# Tutorial On Orchestration: Flowing String Ostinatos



## Aeonata (Sep 9, 2015)

Hi all!

I've written up my first tutorial and wanted to share some orchestration ideas about ostinatos in strings I frequently use in my own compositions. Hope some of you will find it useful!

You can find the tutorial on my blog:

http://aeonata.com/tutorial-flowing-string-ostinatos/

Feel free to share your thoughts and your own approaches!

Best wishes,

Lukas


----------



## cheul (Sep 15, 2015)

Very interesting orchestral device, thanks for sharing. The harmonization fill in with the viola sounds like it's pretty widely used nowadays, right ?


----------



## Aeonata (Sep 21, 2015)

cheul said:


> Very interesting orchestral device, thanks for sharing. The harmonization fill in with the viola sounds like it's pretty widely used nowadays, right ?



Yes, absolutely. This is not only restricted to ostinatos, violas are frequently used for 'middle notes' in sustained contexts as well.


----------



## dannymc (Sep 23, 2015)

great tutorial man. look forward to seeing one on cinematic or epic percussion


----------



## givemenoughrope (Sep 23, 2015)

"Ever since Hans Zimmer’s soundtrack to Batman Begins, we all love epic ostinatos in strings." I was thinking more like Days of Thunder:


or even the end of Blade Runner:

oh wait...

Ostinatos in strings work bc that is what samples have done well since the beginning....derived from a synth arp. 

Someone do a tutorial on how John Adams gets all those fancy cross rhythms please.


----------



## mpalenik (Sep 24, 2015)

Shouldn't that B flat be the key signature?


----------



## Aeonata (Sep 24, 2015)

mpalenik said:


> Shouldn't that B flat be the key signature?



It depends, if the musicians are sight-reading (like in a typical recording session), I would mark all the accidentals individually. If it's a concert score, I'd write the key globally at the beginning of the cue.


----------



## cheul (Sep 25, 2015)

Been listening to Days of Thunder, what a fun score (in a guilty pleasure kind of way, no offense Rctec). I'm curious who's the session guitarist at play here...

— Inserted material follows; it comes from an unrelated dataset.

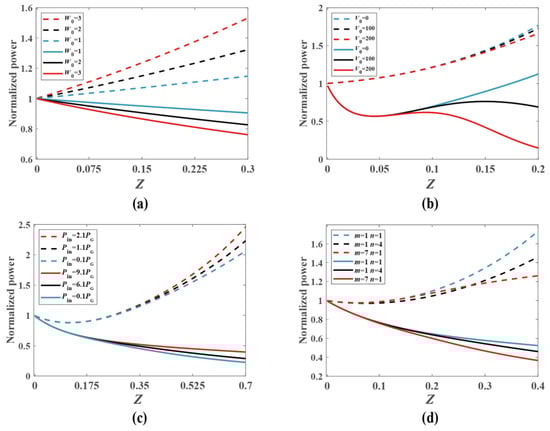 The normalized powers of the VVOF in a Kerr-SCPT medium as a function of the transmission distance with different modulating parameters W0, V0, and d and topological numbers (m, n) are shown in Figure 8. The powers have been normalized to their initial powers. The powers remain invariant if W0 = 0 because of the conservation of energy. When d = 0.25, V0 = 0, and W0 ≠ 0, the powers of the VVOF increase during propagation in a Kerr-SCPT medium, indicating that the gain effect of the VVOF is greater than the loss effect. On the contrary, if d = 0.45, V0 = 0, and W0 ≠ 0, the power of the VVOF weakens with the extension of transmission distance, indicating that the gain effect of the VVOF is less than the loss effect, as shown in Figure 8a. When V0 ≠ 0 and W0 ≠ 0, the powers of the VVOF are influenced by the refractive index modulation of V0 due to its effect on the evolution of the VVOF. The influence of V0 on the power of the VVOF depends on the relative position of the PT lattice potential. When the VVOF is subjected to more gain for the values of V0, the power of the VVOF will be enhanced. In the contrary scenario, the power of the VVOF will be weakened. As shown in Figure 8b, when d = 0.95 and W0 = 12, the power of the VVOF increases with the extension of the transmission distance. It is worth noting that with the increase in V0, the power enhancement trend of the VVOF decreases. This is because the increase in V0 changes the refractive index of the Kerr-SCPT medium and the field distribution of the VVOF, resulting in the change in the relative position of the VVOF and PT lattice potential. However, due to the complex evolution of the VVOF in the Kerr-SCPT medium, the gain–loss ratio of the VVOF may have large fluctuations, as shown in Figure 8b. Especially when the value of W0 is large, the powers are sensitively related to the variation in V0, as shown by the solid lines in Figure 8b with d = 0.45, W0 = 90, and the power curves of the VVOF show large fluctuations during propagation. In addition, the power variations are also related to the initial powers and the topological charge number (m and n), as shown in Figure 8c,d. The reason for the power changes is that the nonlinear refraction index and gain–loss are related to the initial powers, as shown in Figure 8c, whereas the distributions of the VVOF are modulated by the topological charge number (m and n), as shown in Figure 8d. Therefore, the powers of the VVOF in a Kerr-SCPT medium can be dynamically manipulated with the modulation of the gain–loss (W0), the real refractive index modulation depth (V0), initial power (Pin), and topological charge number (m and n) when W0 ≠ 0.
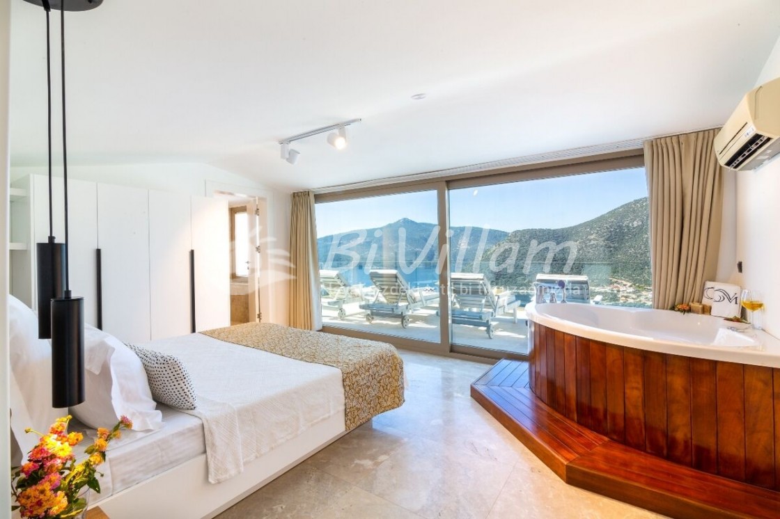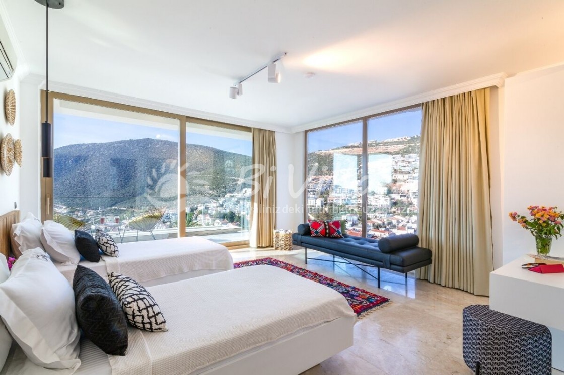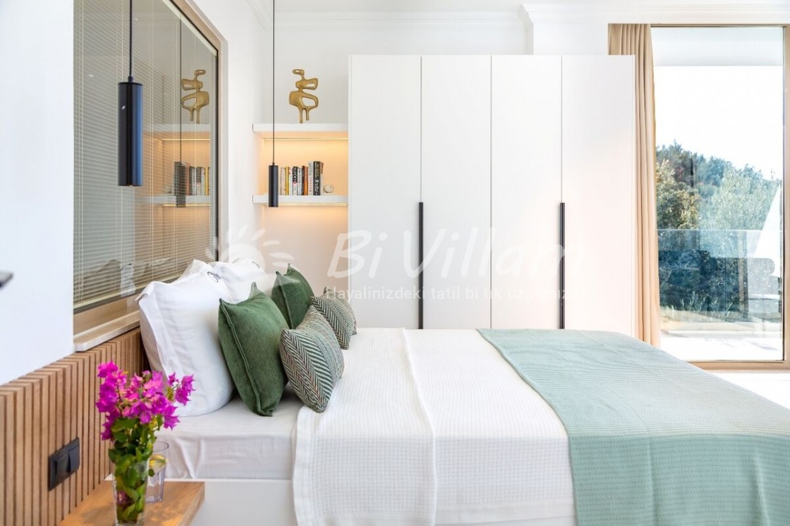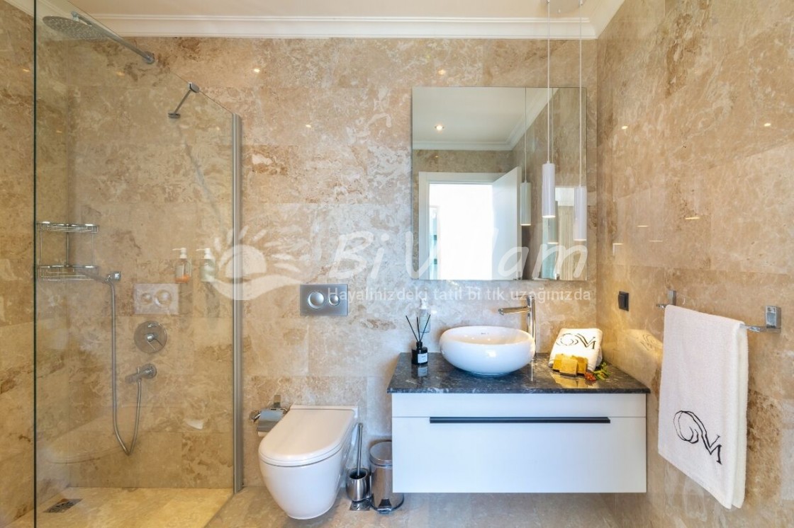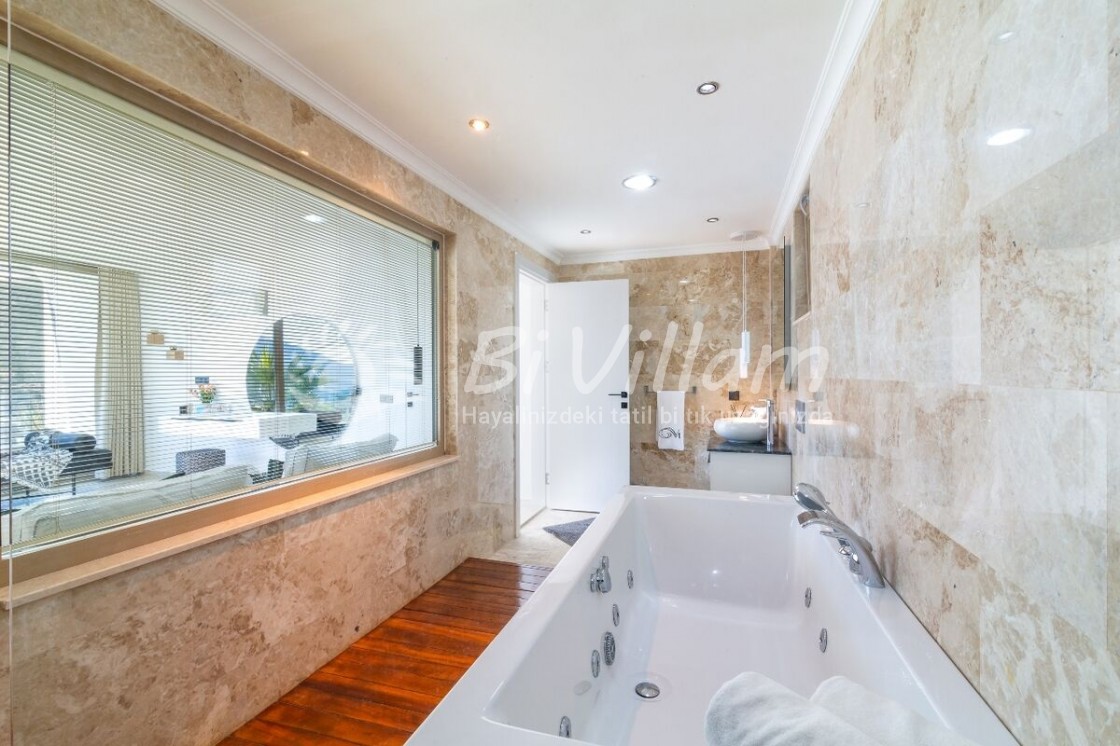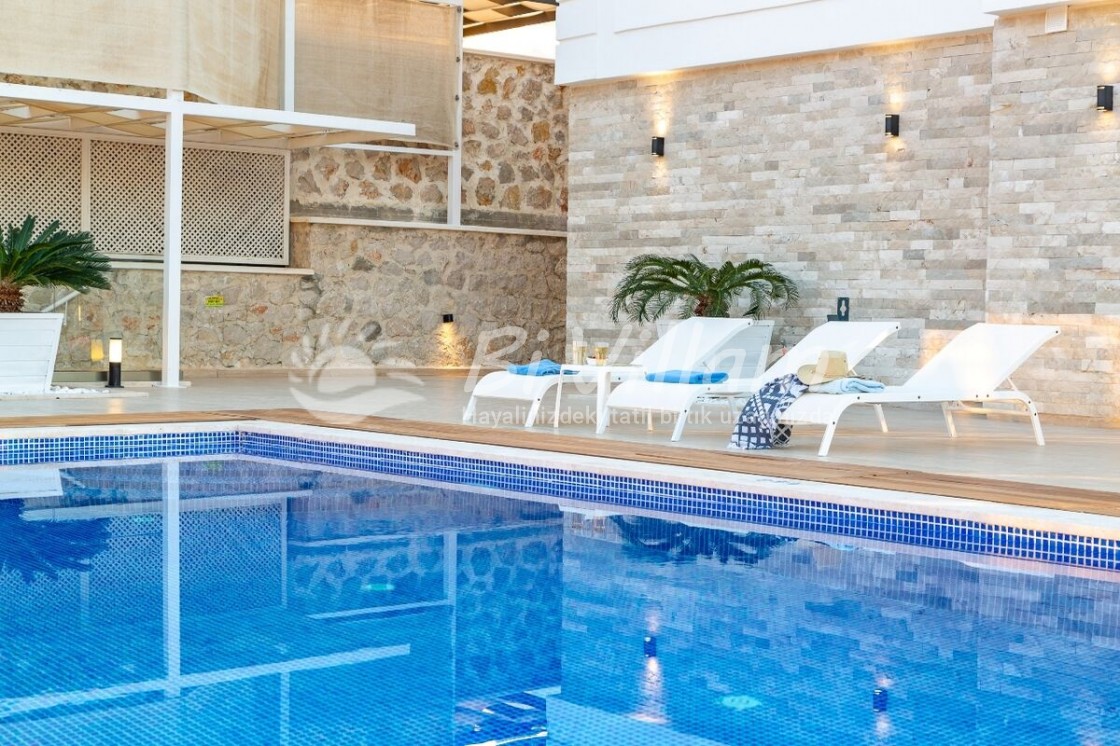 Our rental villa, located in the unique Kalamar Bay of Kalkan, offers a fantastic holiday experience with its modern architecture, stunning views, and luxurious design. The villa is only a five-minute walk from the beach and meets all your needs. With 4 bedrooms, it can accommodate up to 8 people. Additionally, the villa has a children’s pool, designed for the comfort of families with children.

Aeonata : do you plan more tutorials ? Thanks again.


----------



## Kralc (Sep 25, 2015)

Nice tutorial Lukas. 



givemenoughrope said:


> I was thinking more like Days of Thunder:



I feel horrible to say I've never given this soundtrack a listen. IT'S MY GODDAMN JAM. 
Seriously feel like I need to find some sunglasses to put on, just to whip off in slow motion.


----------



## Rctec (Sep 25, 2015)

Kralc said:


> Nice tutorial Lukas.
> 
> 
> I feel horrible to say I've never given this soundtrack a listen. IT'S MY GODDAMN JAM.
> Seriously feel like I need to find some sunglasses to put on, just to whip off in slow motion.

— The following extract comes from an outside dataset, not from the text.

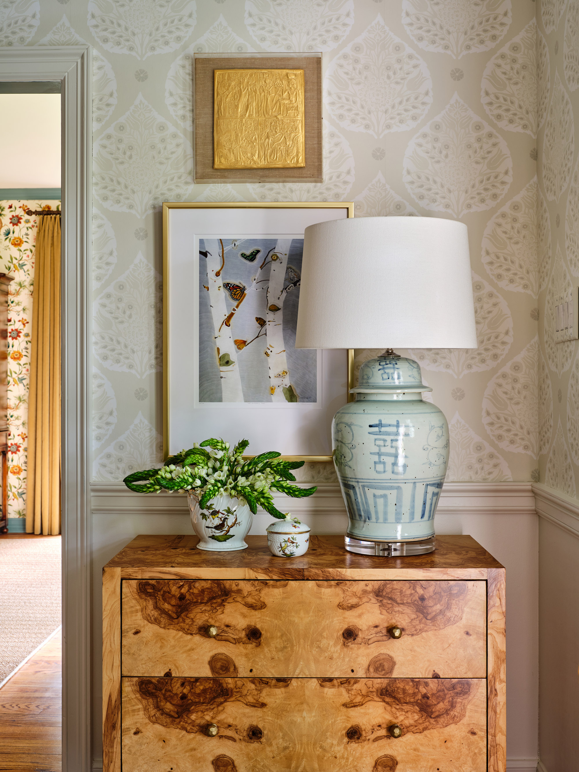 Designer Maria Beck skillfully wove together color, pattern and styling to reflect the homeowners’ tastes in this elegant Alamo Heights residence. We loved seeing this home evolve as spaces got updated with sophisticated wallpaper installations and fresh color palettes. Upscale, traditional design at its best! Photos by Matthew Niemann.

We all have the sins and mistake of our youth haunting us...


----------



## dannymc (Sep 26, 2015)

> We all have the sins and mistake of our youth haunting us...



 its very "the whole kitchen sink" alright, everything is in there, but can definitely hear were some of your later scores such as the score for the rock (still one of my favs) evolved from.


----------



## Aeonata (Sep 26, 2015)

cheul said:


> Aeonata : do you plan more tutorials ? Thanks again.

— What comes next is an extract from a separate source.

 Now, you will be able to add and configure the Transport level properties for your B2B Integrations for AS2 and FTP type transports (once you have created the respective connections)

Yes! I'm very busy at the moment, but it should be possible to write up another tutorial within the next month.


----------



## givemenoughrope (Sep 26, 2015)

Rctec said:


> We all have the sins and mistake of our youth haunting us...



Sins? Mistake!? I can't imagine a Bruckheimer/Scott/Cruise flick about racing from 1990 sounding any different. And if some boutique synth maker released a hw synth that made these sounds TODAY (there are probably half a dozen now) they'd be a hit with more than a niche audience. Not my jam but certainly not sins by any stretch. I was just pointing out that the bridge between a synth arpeggio and string ostinatos...to my ears anyway..


----------



## Uncle Peter (Nov 3, 2015)

'Main Title' would make a great opener for a concert.... thundering toms, screaming guitars, horns could double up/ play the descending synth line. The crowd would go _*wild*_ in anticipation of the build up. It's a great tune \m/


----------